Text and photographs are © by Ellen Spector Platt & Ellen Zachos, all rights reserved.


Thursday, March 8, 2012

PLANT SURPRISES

Just when I think I know almost everything about gardening in Manhattan, I find out I don't.
On the roof of Milbank Hall, at the northern end of the Barnard College campus, 116th & Broadway, sits the Arthur Ross Greenhouse. It was built for students and teachers in the Biology department, for research and demonstration. AND it's open to the public free of charge on Wednesday afternoons from 1-3pm. If you go, you'll get an informative guided tour from either the greenhouse coordinator Krystyna Bucharowski, or one of her student assistants. It's great for the visitor to get all questions answered and great for the plant collection that visitors don't get a chance to pinch a vanilla pod in passing.Above, pods ripening on the vanilla bean vine (Vanilla fragrans) that reaches almost to the top of the greenhouse.
The main section of the greenhouse contains the tropicals. I saw many varieties new to me, like this great white bird of paradise (Streletzia augusta); I've only ever seen the orange one in the florist trade.The greenhouse hosts tours from schools in the neighborhood, and of course kids are fascinated by the food plants, like sugar cane, coffee bean and vanilla. But they also gravitate toward plants that DO something, like the sensitive plant whose leaves curl up at a touch, or the carniverous pitcher plant (Nepenthes alata) that collects water and insects in its vessels and 'eats' them.
I was waiting to go to the Arthur Ross Greenhouse 'til the dead of winter this year, when I most crave the sight and smell of plants, but winter never happened, so instead I went with LRK, one of my BFF who is a Barnard Alum, and visiting from the North. An excellent Judge of people and
their crimes, but no judge of plants, she was concerned that this Ruscus had bugs, until Ms. Bucharowski assured us they were only the flower buds, and what looks like leaf is really the stem.Above, plants that require a dry atmosphere have a room of their own, as do plants for special research.

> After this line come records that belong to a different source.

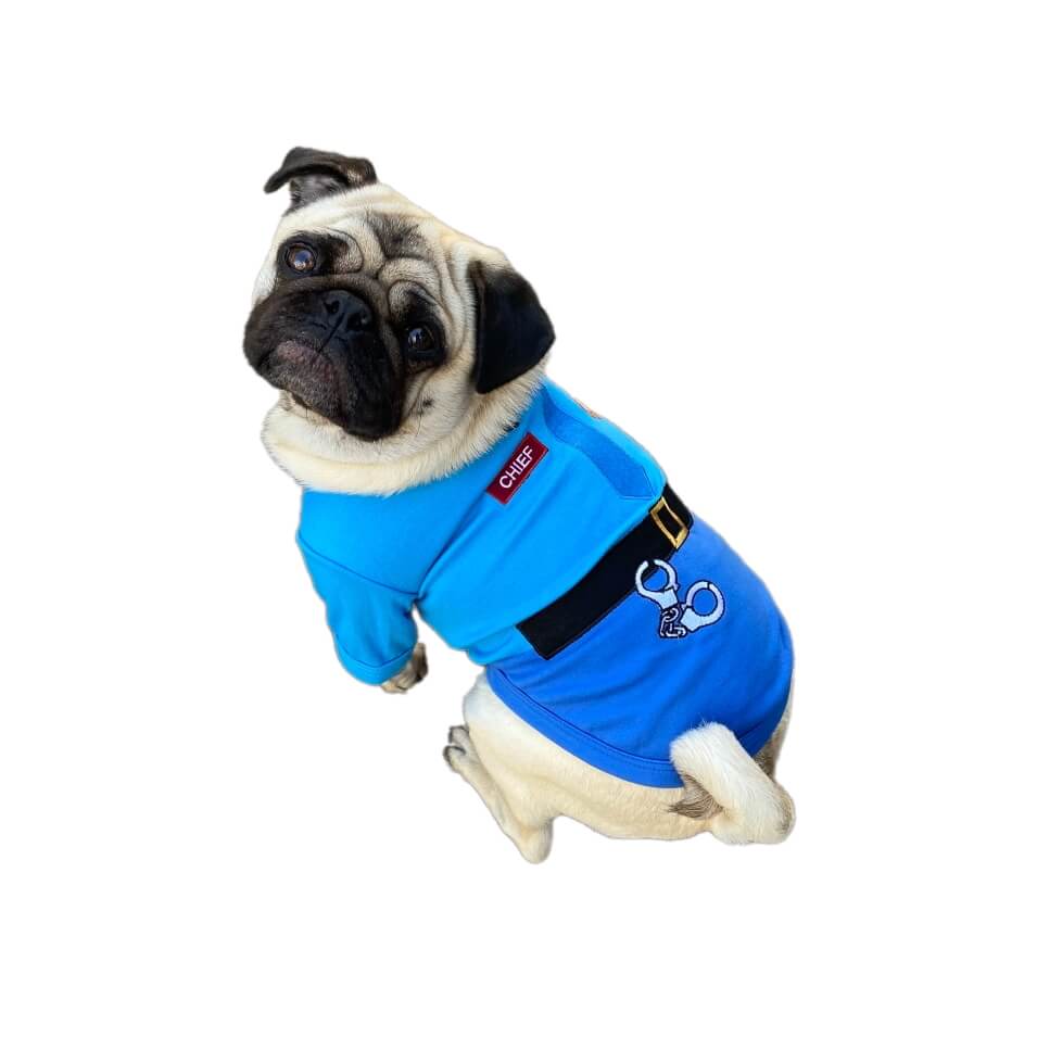 This funny doggie shirt features an embroidered police uniform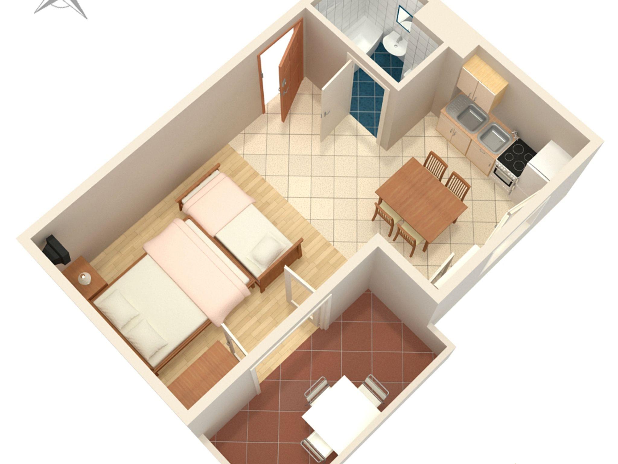 Studio bietet Platz für 4 Gäste. Die Betten sind in Schlafzimmern, die es 1 gibt, innerhalb einer Gesamtfläche von 27m2, angeordnet. Die Gäste haben eine eigene Terrasse zur Verfügung, auf der sie in warmen Sommernächten genießen können. Das Studio-Apartment bietet Meerblick. Es ist erlaubt, Speisen auf dem Gemeinschafts-Grill vorzubereiten. IM PREIS INBEGRIFFEN: Kurtaxe, Endreinigung, Klimatisierung, Parkplatz, Internet, Wäschewaschen, Bügeleisen, Bügelbrett, Föhn. VERBINDLICHE ZUSÄTZLICHE KOSTEN: Aufzahlung für Kurzaufenthalte (prozentualer Zuschlag pro Nächtigungsanzahl: 30% - 1, 20% - 2, 10% - 3). UNVERBINDLICHE ZUSÄTZLICHE KOSTEN: Zentralheizung (3,00 € pro Nacht). Die Verfügbarkeit zusätzlicher Dienstleistungen in Ihrem reservierten Termin und die Preise derselben (falls nicht aufgeführt) müssen im Voraus überprüft werden. Zusätzliche Dienstleistungen die in der Zahlungsaufforderung nicht aufgeführt sind werden direkt beim Vermieter bezahlt, angenommen der Gast nutzt auch diese.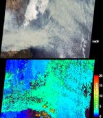 The lower panel provides a stereoscopically retrieved height field of the clouds and smoke plumes. The greenish areas indicate where smoke plumes extend several kilometers above a bank of patchy stratus clouds below. A few high clouds appear near the bottom of the image. Wind retrievals were excluded from this image in order to generate a smooth and continuous field. Although relative height variations are well-represented here, the inclusion of wind retrievals for this scene reduces the actual cloud height results by 1 to 2 kilometers. Areas where heights could not be retrieved are shown as dark gray.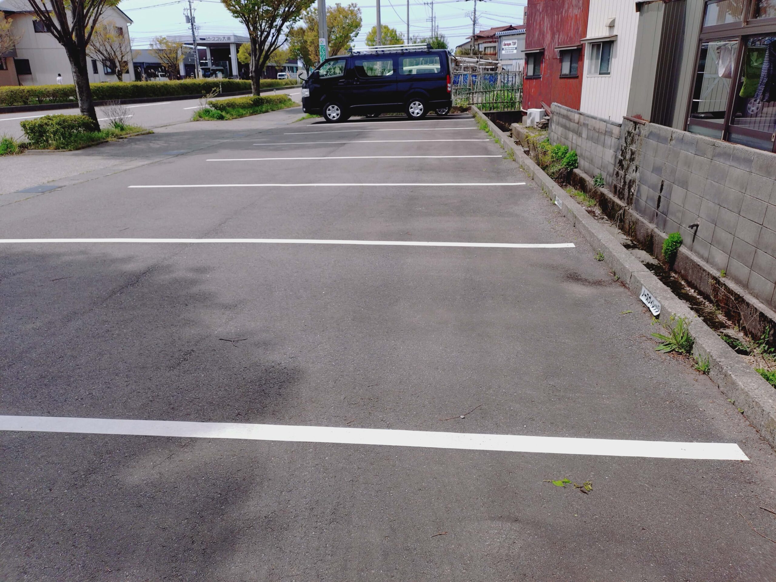 第2駐車場は、奥の6台分が利用可能。手前は別会社専用のスペースなので、現地の表記を確認して利用しましょう。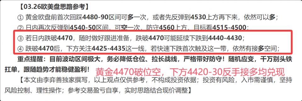 再比如今天早上给出的思路,破位4470追空看新低,也同样得到了兑现,同时金价也在4420-4430附近暂时止跌。目前的行情,大家一定要学会随机应变——节奏太快了,有的时候前一分钟还在做多,下一分钟可能就要及时跟进空单,千万别头铁,跟着行情走就好!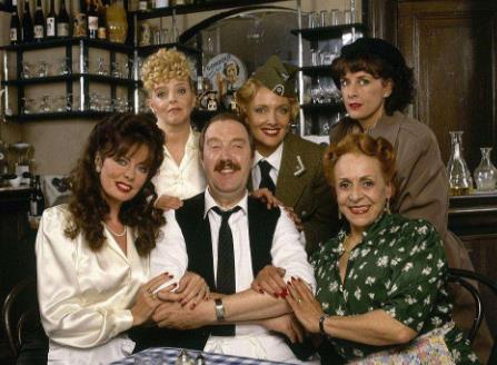 似乎這一切還不夠亂,René是個花心男人。跟咖啡館里的兩個女招待私下偷情,千方百計要瞞過自己的老婆。錦上添花,或雪上加霜的是,抵抗組織的女首領似乎愛上了René!另外,一個娘娘腔德國軍官也看上了這位咖啡館老板,總是向他暗送秋波。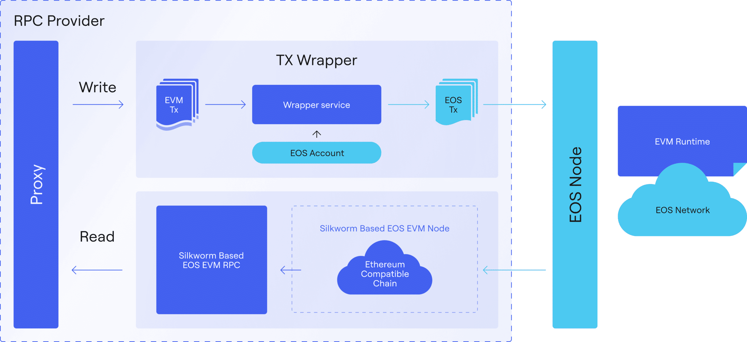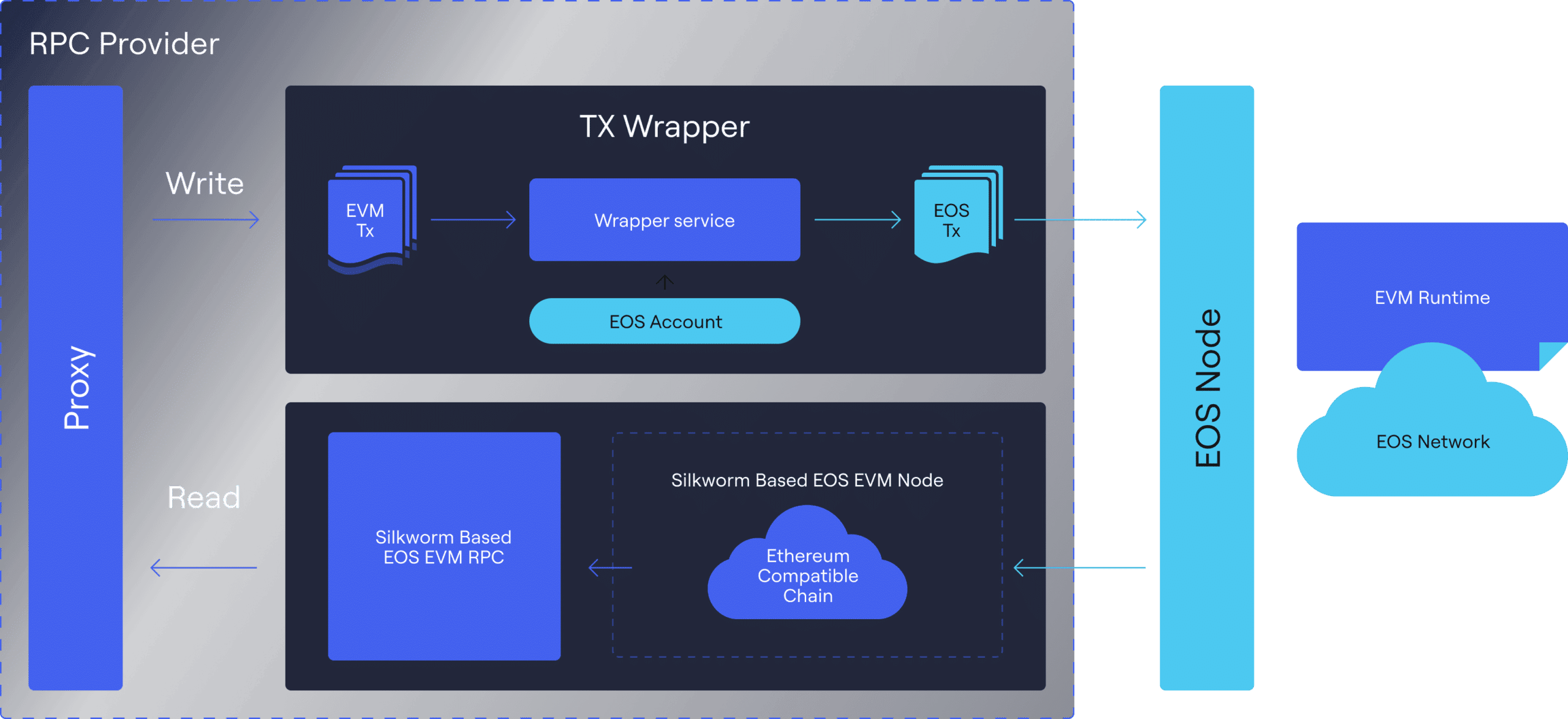 At its core, EOS EVM is an emulation of Ethereum’s EVM, launched on top of the EOS Native architecture. The infographic below provides a high level look at all the moving parts. Check out the Architecture Deep Dive for more information.

So go to learn, go with your kids, grand kids, or BFF's. To arrange a group tour or to make sure the greenhouse isn't closed for school break, contact Kbucharo@barnard.edu, 212-854-5897.

2 comments:

Sweetgum Thursday said...

It's nice to know that there is always room for continual surprise and awe in this field. That's on my list of favorite things about gardening. Happy early spring to you.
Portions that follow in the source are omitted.